### Activity
Could you set down exactly the lines in the records below between the line holding "Epinal, à deux" and the line holding "Điểm chuẩn 2018 của ĐH Kinh tế Quốc dân.", inclusive?

═══ Supplied material

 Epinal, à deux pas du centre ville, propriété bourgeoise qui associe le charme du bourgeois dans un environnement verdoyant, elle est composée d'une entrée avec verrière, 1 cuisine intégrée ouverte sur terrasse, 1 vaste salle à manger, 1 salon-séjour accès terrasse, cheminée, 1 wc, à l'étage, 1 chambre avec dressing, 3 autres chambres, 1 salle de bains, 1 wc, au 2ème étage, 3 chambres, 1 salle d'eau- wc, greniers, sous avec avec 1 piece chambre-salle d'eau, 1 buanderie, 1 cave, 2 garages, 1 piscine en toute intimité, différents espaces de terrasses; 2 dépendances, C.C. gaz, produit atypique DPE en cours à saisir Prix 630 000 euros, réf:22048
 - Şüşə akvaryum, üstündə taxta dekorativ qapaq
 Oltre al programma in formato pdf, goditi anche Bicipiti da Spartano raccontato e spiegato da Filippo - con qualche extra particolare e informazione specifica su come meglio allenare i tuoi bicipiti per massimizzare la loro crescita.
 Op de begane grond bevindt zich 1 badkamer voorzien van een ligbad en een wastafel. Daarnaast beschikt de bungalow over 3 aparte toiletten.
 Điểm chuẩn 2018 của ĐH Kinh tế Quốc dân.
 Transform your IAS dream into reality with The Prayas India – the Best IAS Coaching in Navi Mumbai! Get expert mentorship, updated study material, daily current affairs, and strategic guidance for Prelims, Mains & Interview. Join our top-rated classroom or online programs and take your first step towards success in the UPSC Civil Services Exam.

══════
═══ Supplied material

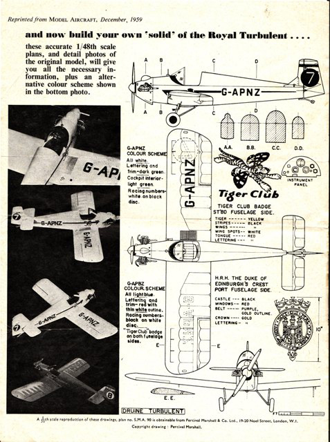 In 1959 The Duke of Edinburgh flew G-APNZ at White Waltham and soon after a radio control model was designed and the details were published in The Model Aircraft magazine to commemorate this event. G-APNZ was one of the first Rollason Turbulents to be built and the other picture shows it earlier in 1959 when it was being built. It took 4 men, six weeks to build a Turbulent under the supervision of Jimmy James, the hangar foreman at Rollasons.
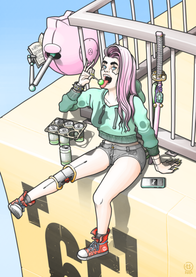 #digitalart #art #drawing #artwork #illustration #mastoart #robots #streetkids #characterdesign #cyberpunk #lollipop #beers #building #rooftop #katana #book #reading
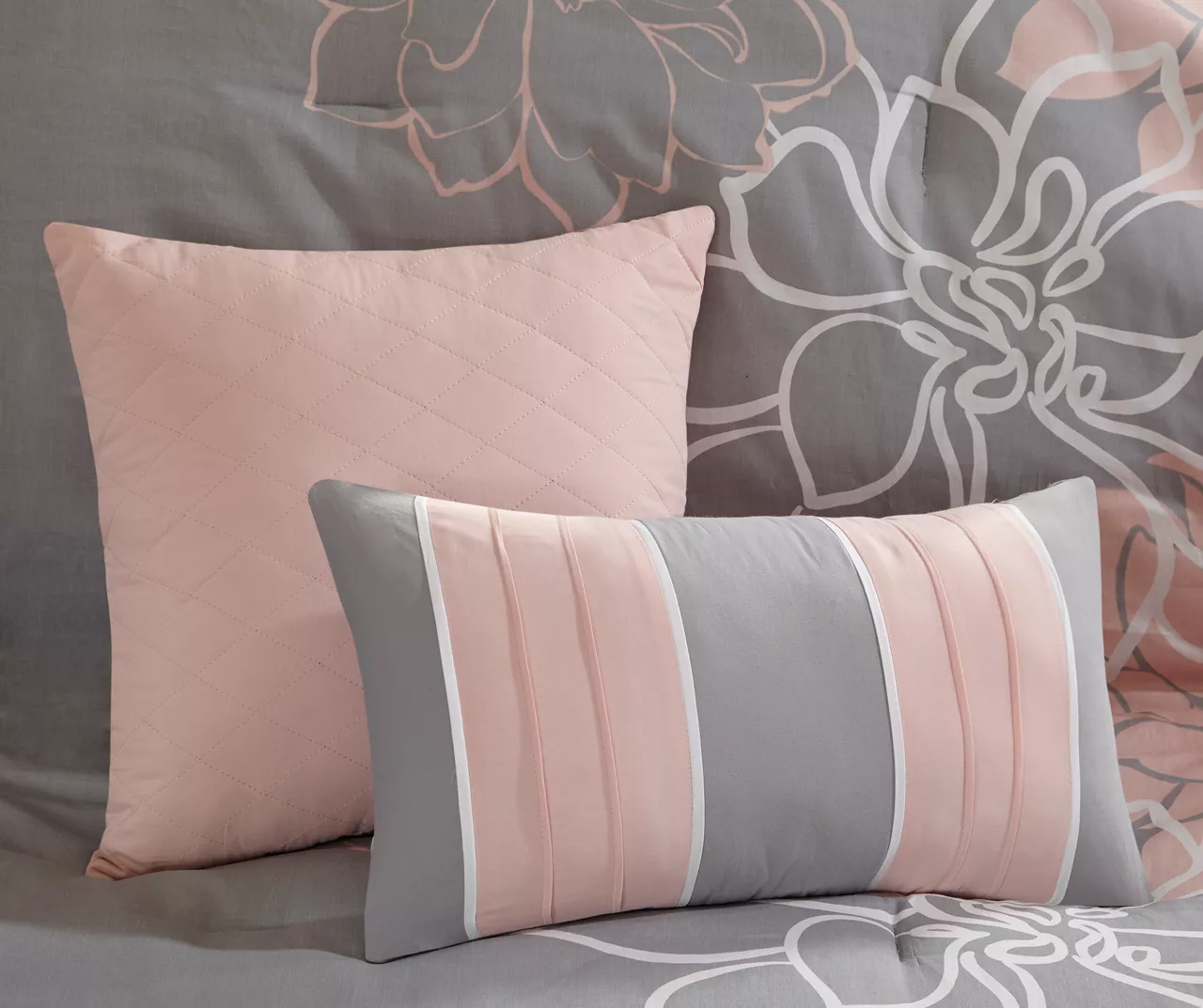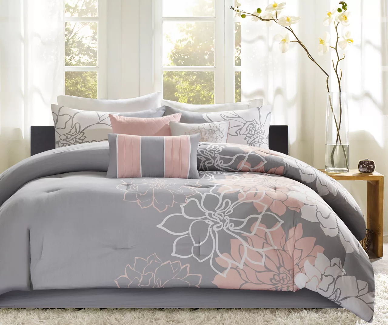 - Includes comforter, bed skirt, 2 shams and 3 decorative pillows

══════
═══ Supplied material

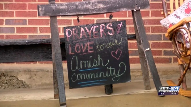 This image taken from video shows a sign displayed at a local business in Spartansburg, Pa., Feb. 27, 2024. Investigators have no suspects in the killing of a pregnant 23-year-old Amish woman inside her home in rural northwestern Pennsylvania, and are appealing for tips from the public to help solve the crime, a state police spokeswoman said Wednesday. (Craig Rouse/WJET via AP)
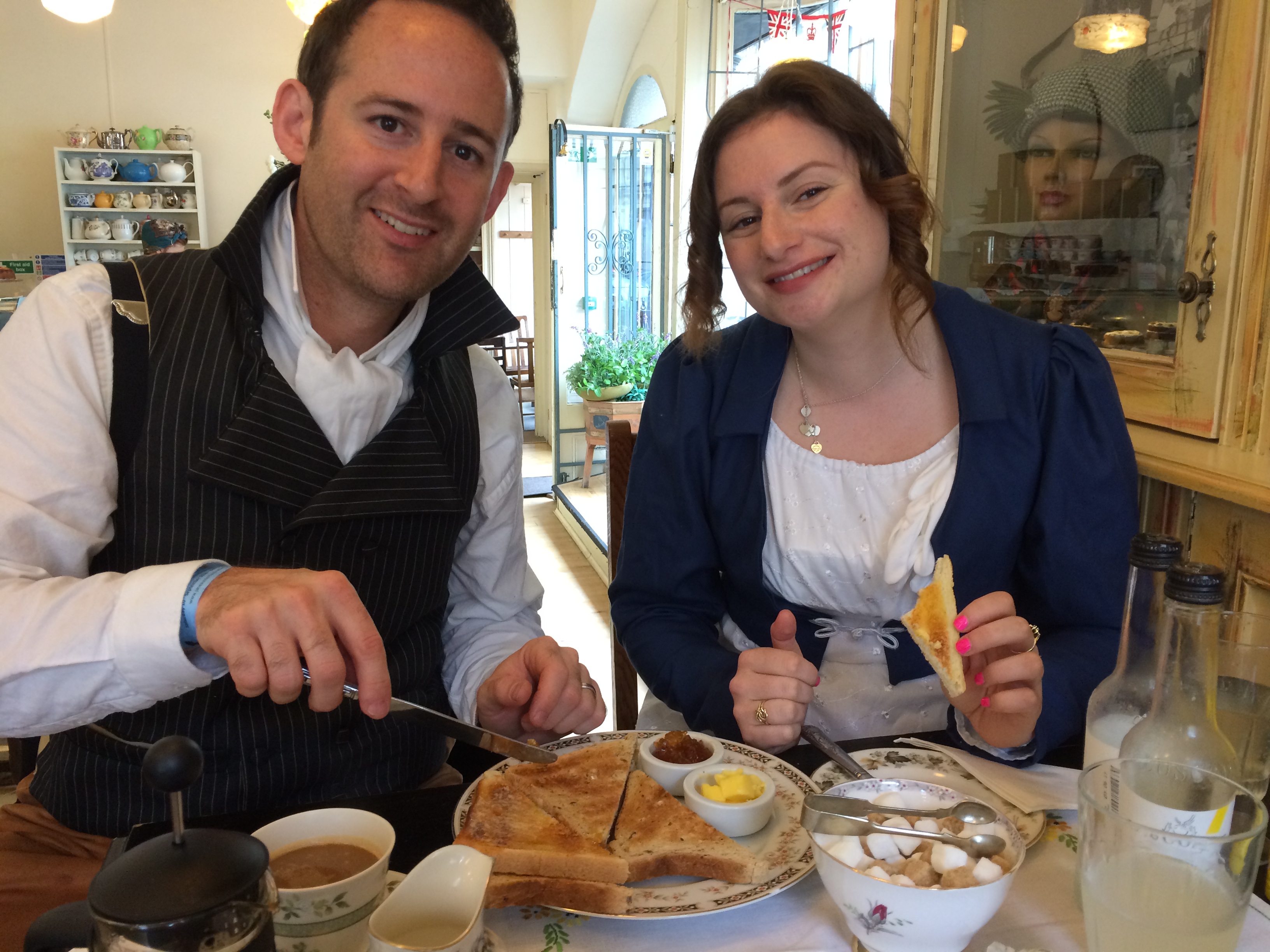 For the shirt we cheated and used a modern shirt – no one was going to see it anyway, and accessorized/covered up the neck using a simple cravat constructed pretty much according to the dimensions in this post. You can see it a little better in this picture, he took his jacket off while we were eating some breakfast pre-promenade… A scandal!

══════

### Solution to the exercise
 Epinal, à deux pas du centre ville, propriété bourgeoise qui associe le charme du bourgeois dans un environnement verdoyant, elle est composée d'une entrée avec verrière, 1 cuisine intégrée ouverte sur terrasse, 1 vaste salle à manger, 1 salon-séjour accès terrasse, cheminée, 1 wc, à l'étage, 1 chambre avec dressing, 3 autres chambres, 1 salle de bains, 1 wc, au 2ème étage, 3 chambres, 1 salle d'eau- wc, greniers, sous avec avec 1 piece chambre-salle d'eau, 1 buanderie, 1 cave, 2 garages, 1 piscine en toute intimité, différents espaces de terrasses; 2 dépendances, C.C. gaz, produit atypique DPE en cours à saisir Prix 630 000 euros, réf:22048
 - Şüşə akvaryum, üstündə taxta dekorativ qapaq
 Oltre al programma in formato pdf, goditi anche Bicipiti da Spartano raccontato e spiegato da Filippo - con qualche extra particolare e informazione specifica su come meglio allenare i tuoi bicipiti per massimizzare la loro crescita.
 Op de begane grond bevindt zich 1 badkamer voorzien van een ligbad en een wastafel. Daarnaast beschikt de bungalow over 3 aparte toiletten.
 Điểm chuẩn 2018 của ĐH Kinh tế Quốc dân.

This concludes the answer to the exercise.